Materials and Methods: In this descriptive-analytical study with convenient sampling, relationships between the oral health and obesity indicators of primary school students with friendship groups in the social network were assessed. A number of 145 students participated in this study in the 3rd and 6th semesters of primary education in the academic year of 2017–2018. Data were collected through clinical examinations and valid questionnaires and assessed using SPSS, Excel and Gephi software. Rank and linear logistic regression analysis method was used to assess correlations between the knowledge and oral health behaviors as well as nutritional behaviors in the friendship network and close friends.
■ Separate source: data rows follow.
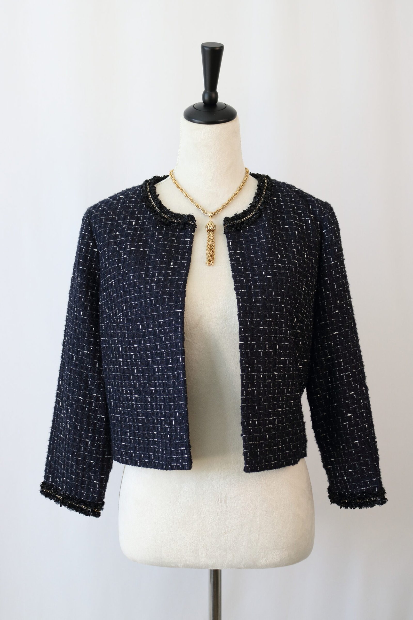 The open-front design, cropped length, and soft shoulder structure create a flattering, modern fit while maintaining the iconic tweed-jacket aesthetic. Perfect with denim, tailored trousers, or a sleek pencil skirt, this piece transitions effortlessly from day to evening.
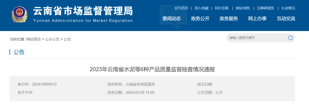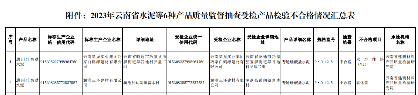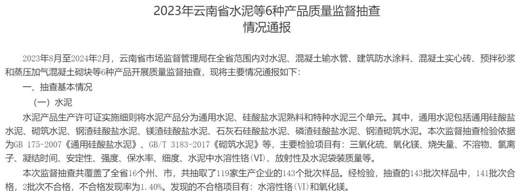 日前,云南省市場監(jiān)管局發(fā)布《2023年云南省水泥等6種產(chǎn)品質(zhì)量監(jiān)督抽查情況通報》稱,2023年8月至2024年2月,云南省市場監(jiān)督管理局在全省范圍內(nèi)對水泥、混凝土輸水管、建筑防水涂料、混凝土實心磚、預拌砂漿和蒸壓加氣混凝土砌塊等6種產(chǎn)品開展質(zhì)量監(jiān)督抽查。
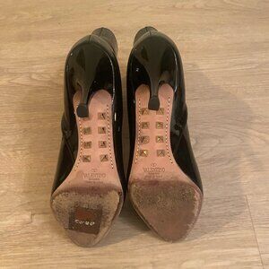 Gorgeous black Valentino patent leather booties with signature gold rockstuds on the soles, side zips and stiletto heels! Perfect for the holidays! Excellent used condition - only real signs of wear on the bottom soles. Booties come in the original box.
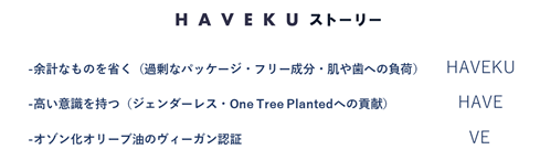 HAVEKU(ハヴク)は、余計なものを省く(HAVEKU)、高い意識をもつ(HAVE)、当社のオリジナル原料、オゾン化オリーブ油のヴィーガン認証(VE)のこだわりなどの想いから名付けました。HAVEKUは、通常の化粧品にみられる過剰なパッケージ装飾、フリー成分※、肌や歯への負荷などの余計なものを省き、お肌や歯に必要なものを豊かに取り入れました。また、これからの社会を意識し、ジェンダーレスな商品設計や、売り上げの一部を寄付し、世界中に植樹を行う「One Tree Planted活動」への参加に取り組んでいます。余計なものを省き、“地球と人へのやさしさ”をとことん追求した商品をHAVEKUはお届けします。

Results: Results demonstrated strong relationships between the students’ oral health and obesity indicators and their peer connections within their social friendship network groups at school. Specifically, results of ordinal regression analysis showed significant correlations in dental knowledge and eating behaviors within social friendship network groups (p < 0.001, r = 0.9). Results showed significant roles of close friends in dental knowledge and behaviors on primary school children.
Conclusion: This study has demonstrated that children are affected by each other in the friendship network. It has been showed that only students' close friends can be effective factors in determining students' oral hygiene behaviors.